Controversial Musée des Confluences Opens in Lyon

Portrait of Émile Guimet. Collection of the Musée des Confluences, Lyon.

On Saturday, the city of Lyon opened the Musée des Confluences, honoring the businessman and arts philanthropist Émile Guimet (1836-1918), the Art Newspaper reports. The institution contains 2.2 million artifacts split into four categories covering the earth, life, social sciences, and science and technology.

Although the €239 million cost has divided public opinion since the project was launched in 2000, the museum’s director Hélène Lafont-Couturier told the Art Newspaper “My dearest wish is that when it opens the public will have a completely different reaction and fall in love with it.”

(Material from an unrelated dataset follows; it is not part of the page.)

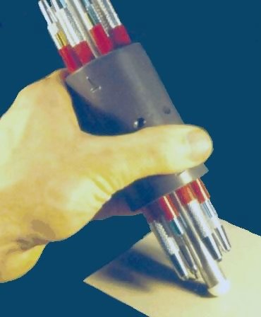 | The Pencil Hardness Gage/Gauge design allows the user to force pencil leads of increasing hardness values against a coated surface in a precisely defined manner until one lead mars the surface. Surface hardness is defined by the hardest pencil grade that fails to mar the painted or coated surface. |  |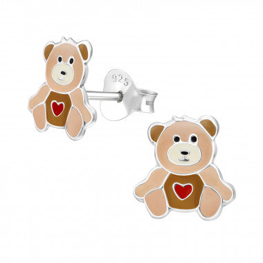 Sterling zilver 925 beer oorbellen - teddybeer met een hartje. Afmeting: 7 mm x 8 mm Materiaal: Sterling zilver 925 Afwerking: E-coat Verpakt in e...

Guimet used the fortune that his family made from chemically producing ultramarine to amass a comprehensive collection of religious art from Japan and China, as well as artworks from Greece and Rome. In 1879 he founded the Musée des Religions in Lyon, one of the first private museums in France. However, Guimet soon moved the collection to the Musée Guimet in Paris, disappointed by his hometown’s lack interest for his treasures.

Over time, parts of the philanthropists collection were returned to Lyon, where they were housed in the local Musée Guimet, and the Muséum d’Histoire Naturelle. The collections have now been united in the new glass and steel building of the Musée des Confluences, designed by Viennese architects Coop-Himmelb(l)au.